→ **Assigned task**: What are the lines, word for word, from the line with "AWS IoT is a" up to and including the line with "Just-DREAM-about-it: Figurative Language" in the records below? Omit the pictures.

→ **The input**:
------------------------------------------------------------

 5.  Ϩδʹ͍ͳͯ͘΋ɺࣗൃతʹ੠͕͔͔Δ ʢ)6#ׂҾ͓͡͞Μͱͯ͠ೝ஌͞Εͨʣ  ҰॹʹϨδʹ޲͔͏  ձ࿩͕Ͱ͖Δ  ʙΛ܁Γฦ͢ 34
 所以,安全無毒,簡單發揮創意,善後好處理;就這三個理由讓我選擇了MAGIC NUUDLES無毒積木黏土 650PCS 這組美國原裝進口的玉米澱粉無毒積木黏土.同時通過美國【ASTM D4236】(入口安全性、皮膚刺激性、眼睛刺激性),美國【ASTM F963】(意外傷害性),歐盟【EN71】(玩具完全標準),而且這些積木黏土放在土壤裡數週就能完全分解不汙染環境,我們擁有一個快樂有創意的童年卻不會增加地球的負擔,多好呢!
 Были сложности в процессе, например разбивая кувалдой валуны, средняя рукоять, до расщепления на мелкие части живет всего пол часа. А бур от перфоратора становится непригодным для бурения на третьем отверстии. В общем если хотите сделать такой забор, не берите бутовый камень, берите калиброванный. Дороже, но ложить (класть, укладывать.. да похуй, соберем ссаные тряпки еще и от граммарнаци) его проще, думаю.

------------------------------------------------------------

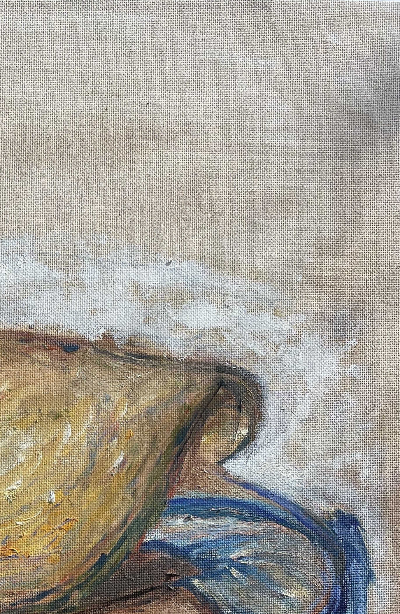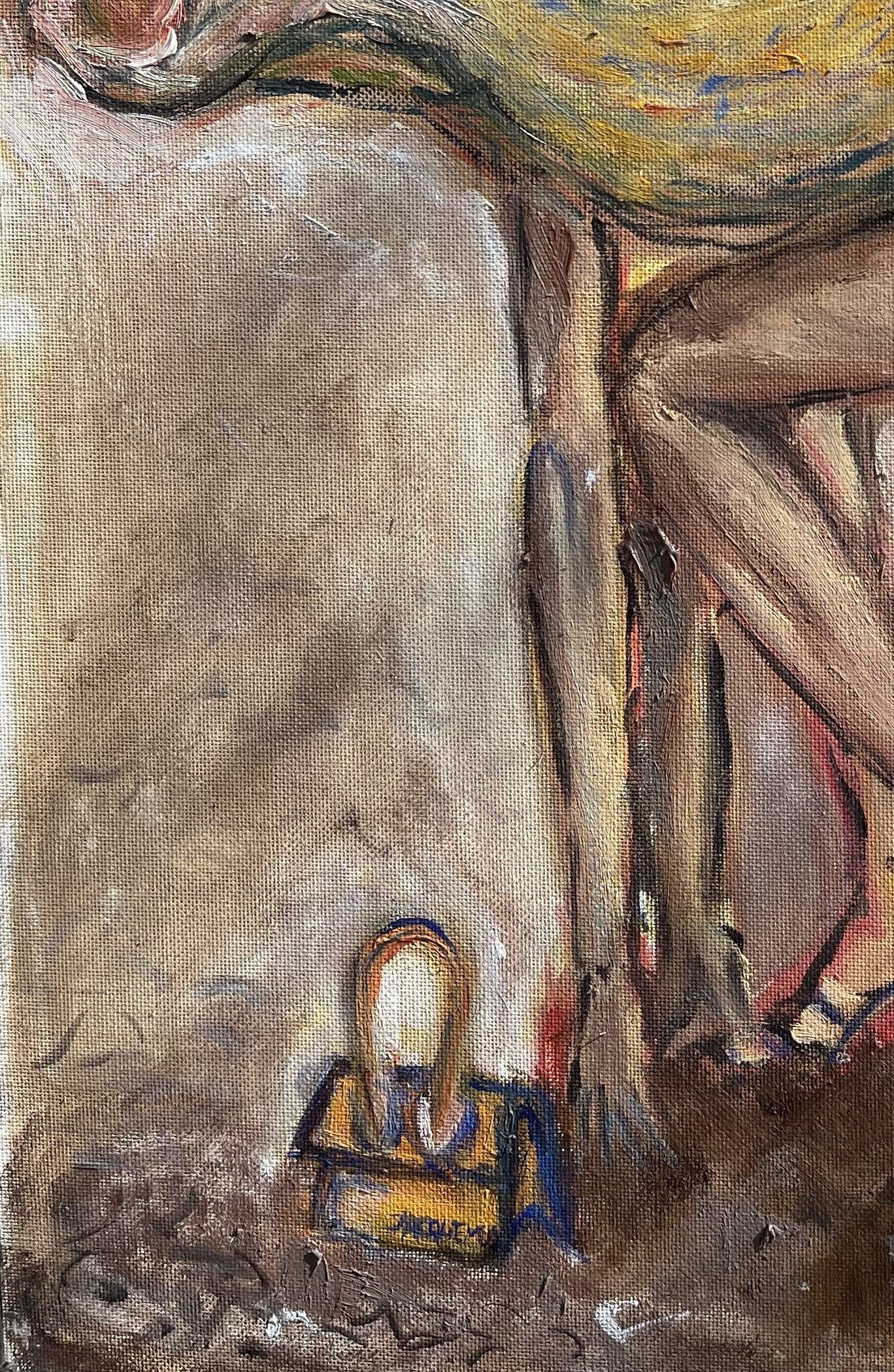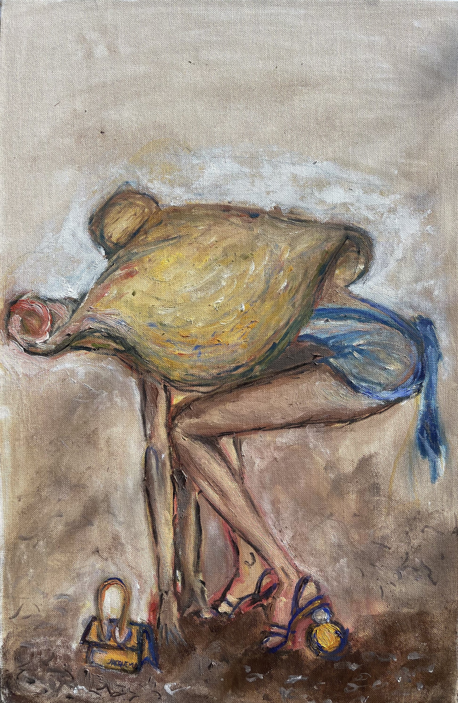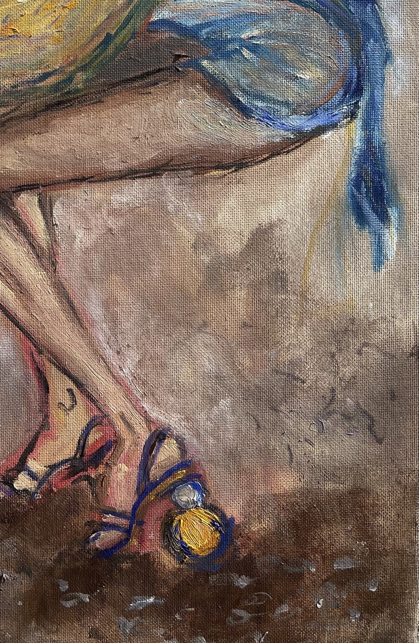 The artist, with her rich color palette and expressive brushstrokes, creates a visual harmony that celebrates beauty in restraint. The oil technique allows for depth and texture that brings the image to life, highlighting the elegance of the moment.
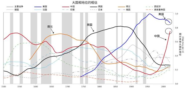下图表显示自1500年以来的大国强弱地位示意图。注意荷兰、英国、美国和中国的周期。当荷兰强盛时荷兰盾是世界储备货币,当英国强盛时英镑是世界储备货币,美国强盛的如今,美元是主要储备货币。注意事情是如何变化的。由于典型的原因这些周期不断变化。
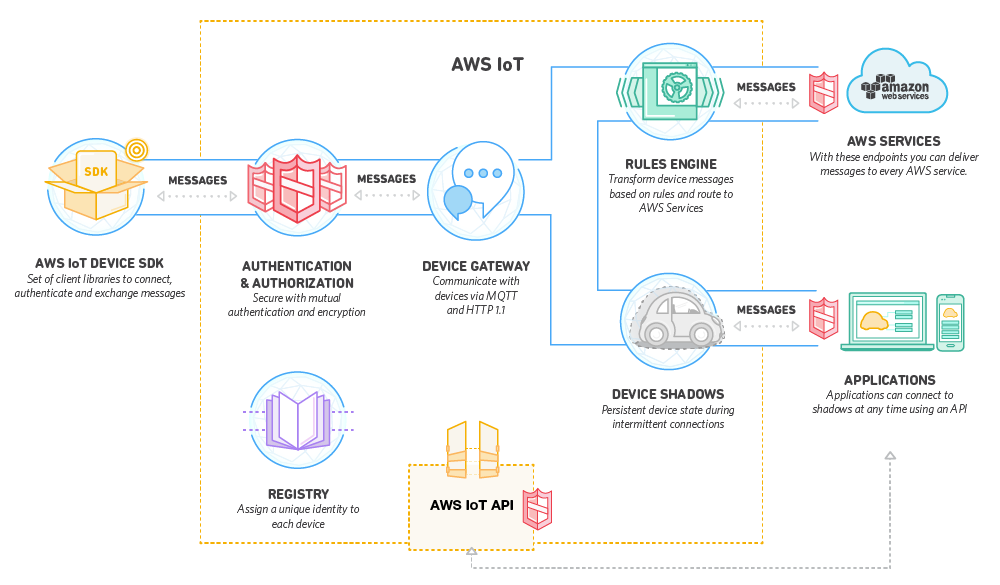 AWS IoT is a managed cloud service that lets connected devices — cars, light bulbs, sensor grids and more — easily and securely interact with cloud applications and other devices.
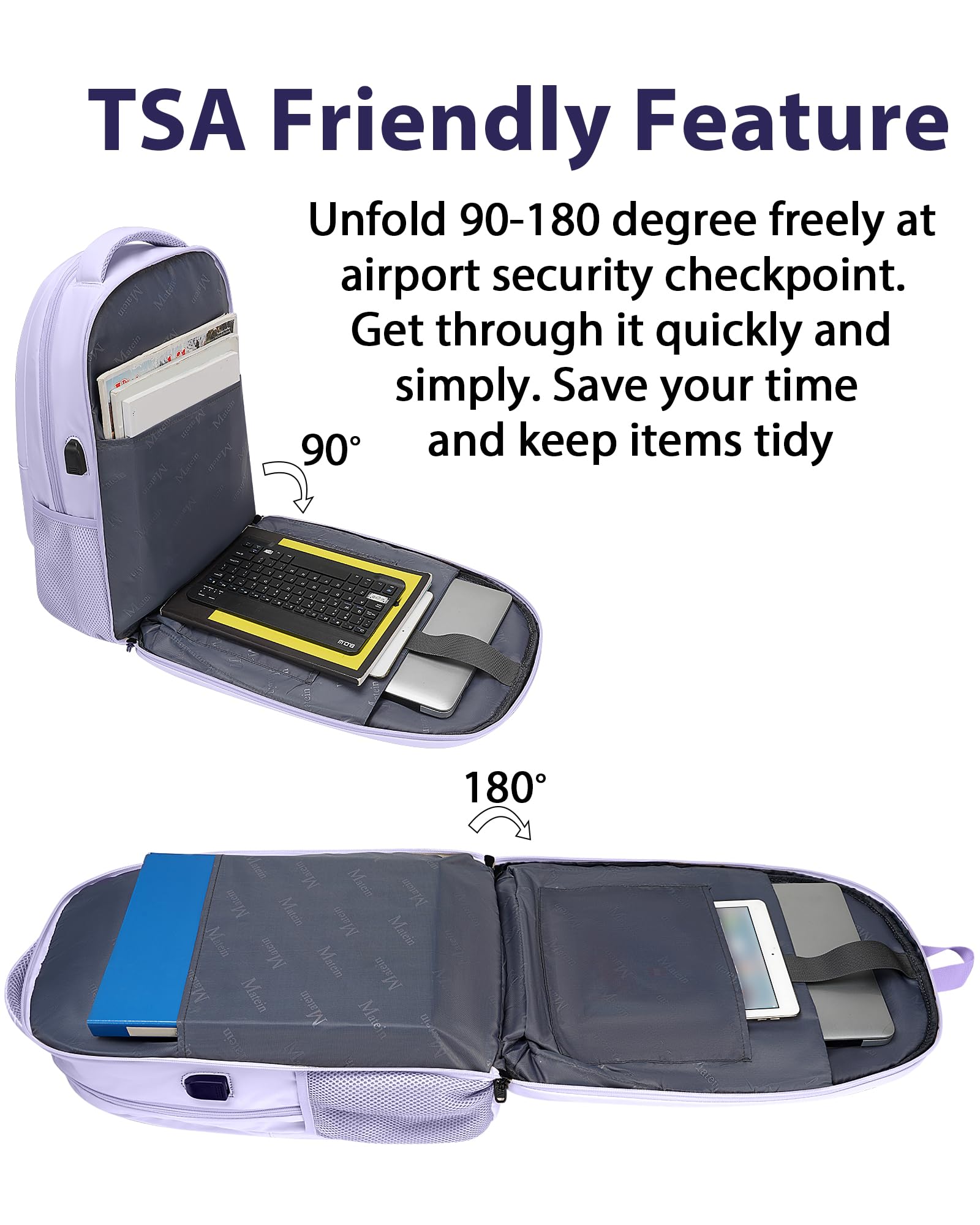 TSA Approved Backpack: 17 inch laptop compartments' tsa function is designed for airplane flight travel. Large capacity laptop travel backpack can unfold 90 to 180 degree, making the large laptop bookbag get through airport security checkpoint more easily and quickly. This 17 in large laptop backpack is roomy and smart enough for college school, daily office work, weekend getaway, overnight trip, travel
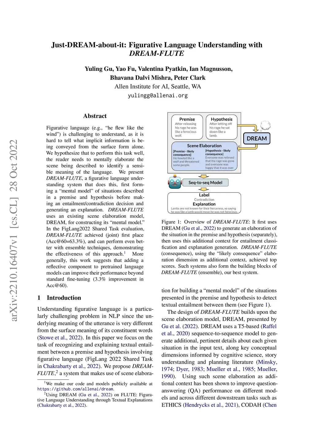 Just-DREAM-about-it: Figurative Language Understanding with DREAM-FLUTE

------------------------------------------------------------

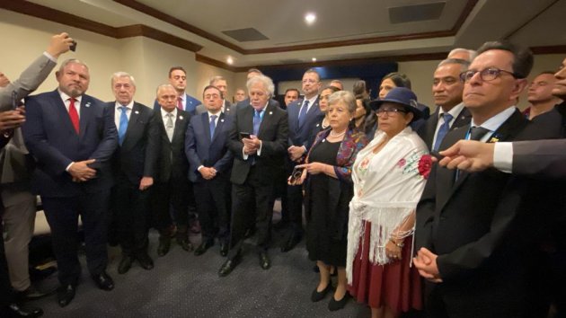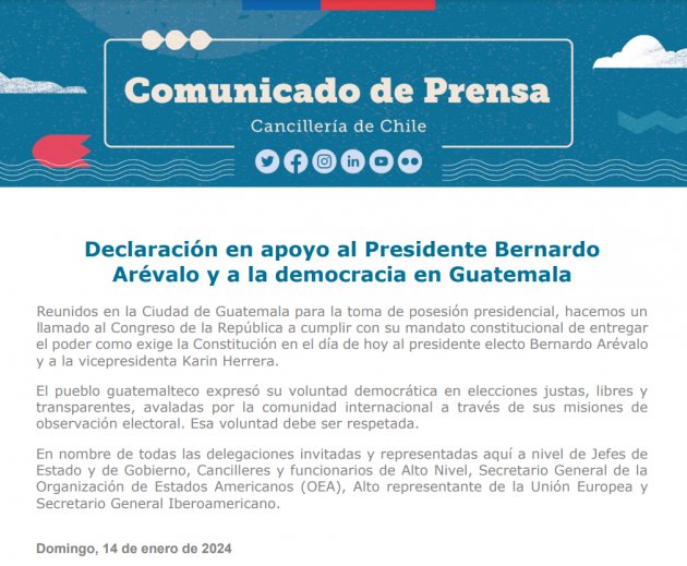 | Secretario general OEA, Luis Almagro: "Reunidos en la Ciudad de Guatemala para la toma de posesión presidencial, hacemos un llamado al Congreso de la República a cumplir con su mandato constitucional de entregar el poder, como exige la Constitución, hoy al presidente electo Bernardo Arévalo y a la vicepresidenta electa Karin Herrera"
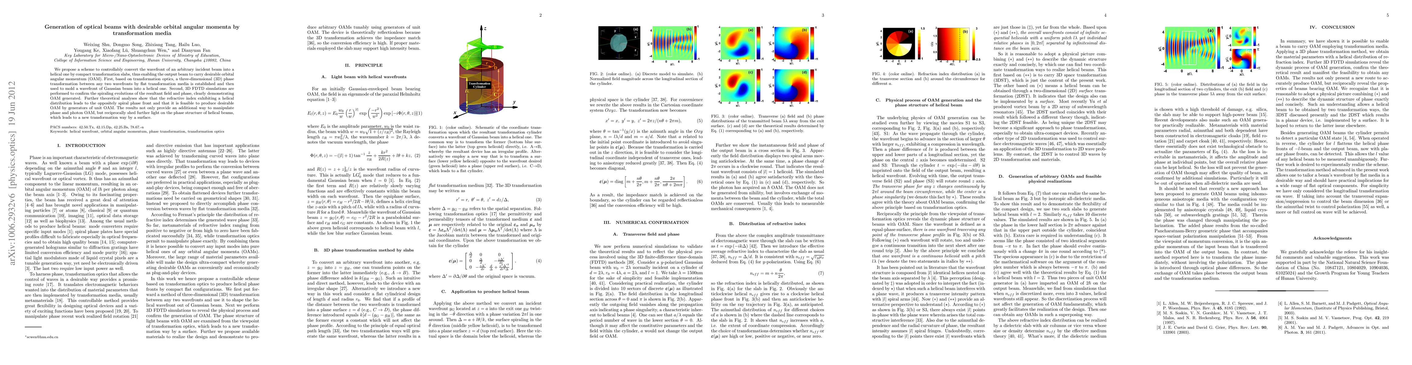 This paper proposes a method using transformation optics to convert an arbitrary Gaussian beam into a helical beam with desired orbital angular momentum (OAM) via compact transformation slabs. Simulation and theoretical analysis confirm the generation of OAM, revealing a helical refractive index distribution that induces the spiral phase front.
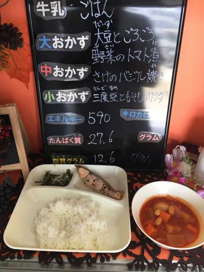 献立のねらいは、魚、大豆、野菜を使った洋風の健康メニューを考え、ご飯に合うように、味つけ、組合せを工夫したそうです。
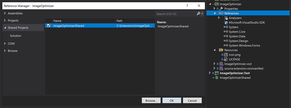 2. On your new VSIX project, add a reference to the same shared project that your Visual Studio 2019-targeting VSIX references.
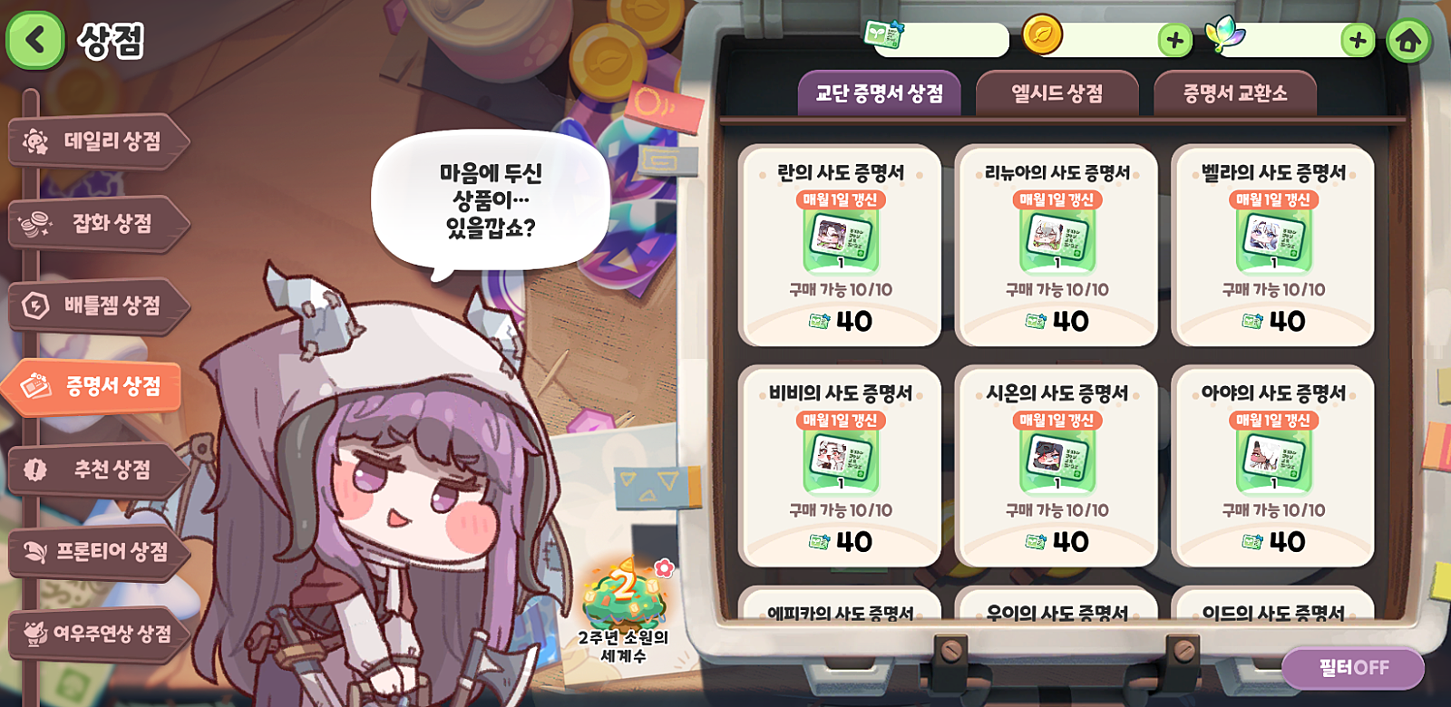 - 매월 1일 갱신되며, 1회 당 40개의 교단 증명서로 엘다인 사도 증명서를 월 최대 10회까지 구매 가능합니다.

------------------------------------------------------------

→ **Answer for this exercise**:
 AWS IoT is a managed cloud service that lets connected devices — cars, light bulbs, sensor grids and more — easily and securely interact with cloud applications and other devices.
 TSA Approved Backpack: 17 inch laptop compartments' tsa function is designed for airplane flight travel. Large capacity laptop travel backpack can unfold 90 to 180 degree, making the large laptop bookbag get through airport security checkpoint more easily and quickly. This 17 in large laptop backpack is roomy and smart enough for college school, daily office work, weekend getaway, overnight trip, travel
 Just-DREAM-about-it: Figurative Language Understanding with DREAM-FLUTE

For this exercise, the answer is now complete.